#### Work item:
Transcribe, exactly and without pictures, the lines below from the line with "- MagSafe kompatibilita: Na" to the line with "Funnels guide the", both ends included, and no others.

#### Records supplied ####

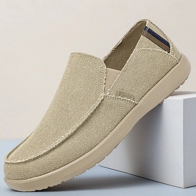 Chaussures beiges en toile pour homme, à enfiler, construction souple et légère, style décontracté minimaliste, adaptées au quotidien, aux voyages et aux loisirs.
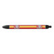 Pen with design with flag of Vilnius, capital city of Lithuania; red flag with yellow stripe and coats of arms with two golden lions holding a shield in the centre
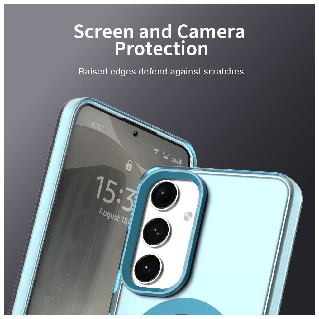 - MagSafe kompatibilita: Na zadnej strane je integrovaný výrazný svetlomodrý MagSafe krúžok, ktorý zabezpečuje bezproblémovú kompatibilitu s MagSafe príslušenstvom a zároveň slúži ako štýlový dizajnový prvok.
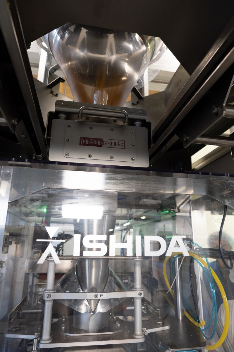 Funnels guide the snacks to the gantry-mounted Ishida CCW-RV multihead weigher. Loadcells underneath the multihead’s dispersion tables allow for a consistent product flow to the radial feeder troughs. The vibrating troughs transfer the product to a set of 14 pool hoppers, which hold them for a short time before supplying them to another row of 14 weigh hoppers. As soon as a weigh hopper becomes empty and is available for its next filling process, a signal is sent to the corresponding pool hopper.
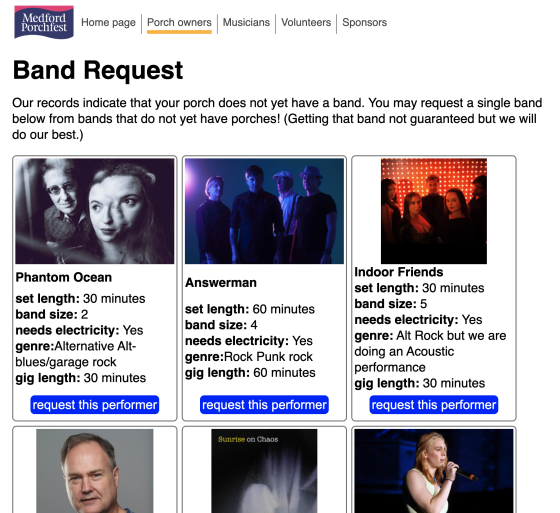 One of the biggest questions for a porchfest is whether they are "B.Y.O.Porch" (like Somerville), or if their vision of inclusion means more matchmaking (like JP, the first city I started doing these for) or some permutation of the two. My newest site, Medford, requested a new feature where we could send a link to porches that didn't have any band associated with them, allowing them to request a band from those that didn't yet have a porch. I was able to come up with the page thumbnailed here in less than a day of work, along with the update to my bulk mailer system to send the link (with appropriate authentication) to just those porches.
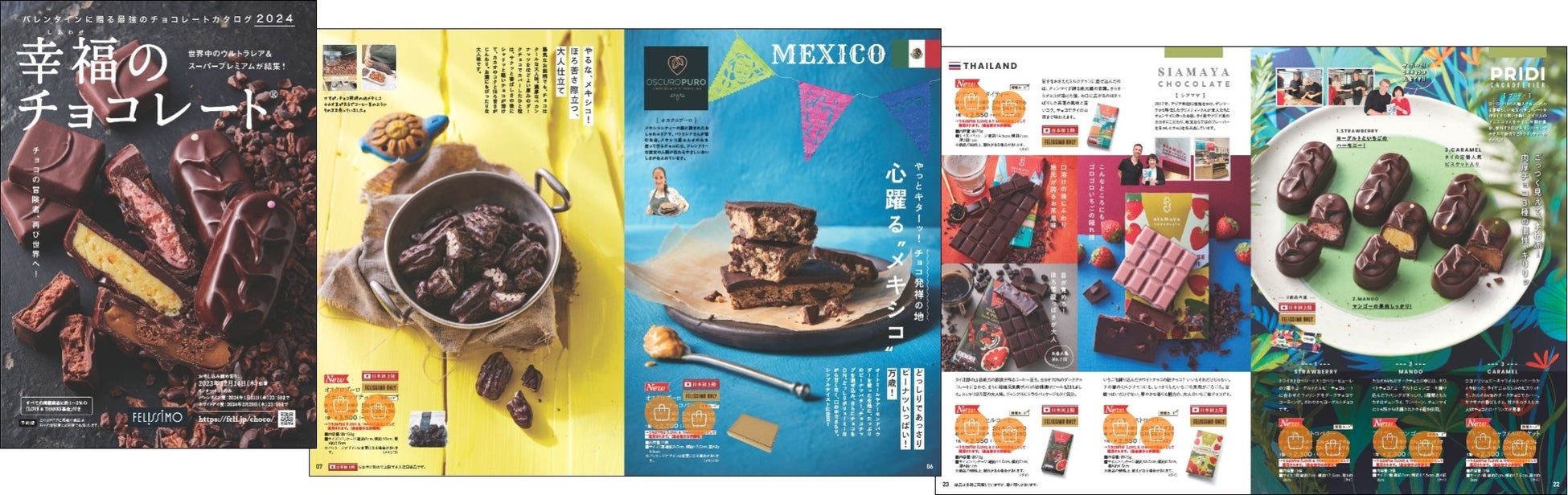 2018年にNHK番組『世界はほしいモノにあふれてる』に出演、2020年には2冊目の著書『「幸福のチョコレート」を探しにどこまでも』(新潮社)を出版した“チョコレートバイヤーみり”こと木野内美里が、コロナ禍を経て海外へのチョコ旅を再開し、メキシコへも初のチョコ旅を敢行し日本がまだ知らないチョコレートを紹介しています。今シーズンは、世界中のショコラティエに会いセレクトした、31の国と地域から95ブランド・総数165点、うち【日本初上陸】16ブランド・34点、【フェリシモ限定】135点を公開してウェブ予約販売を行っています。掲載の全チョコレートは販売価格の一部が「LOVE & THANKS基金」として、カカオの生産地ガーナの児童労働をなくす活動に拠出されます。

####

#### Solution for this problem:
 - MagSafe kompatibilita: Na zadnej strane je integrovaný výrazný svetlomodrý MagSafe krúžok, ktorý zabezpečuje bezproblémovú kompatibilitu s MagSafe príslušenstvom a zároveň slúži ako štýlový dizajnový prvok.
 Funnels guide the snacks to the gantry-mounted Ishida CCW-RV multihead weigher. Loadcells underneath the multihead’s dispersion tables allow for a consistent product flow to the radial feeder troughs. The vibrating troughs transfer the product to a set of 14 pool hoppers, which hold them for a short time before supplying them to another row of 14 weigh hoppers. As soon as a weigh hopper becomes empty and is available for its next filling process, a signal is sent to the corresponding pool hopper.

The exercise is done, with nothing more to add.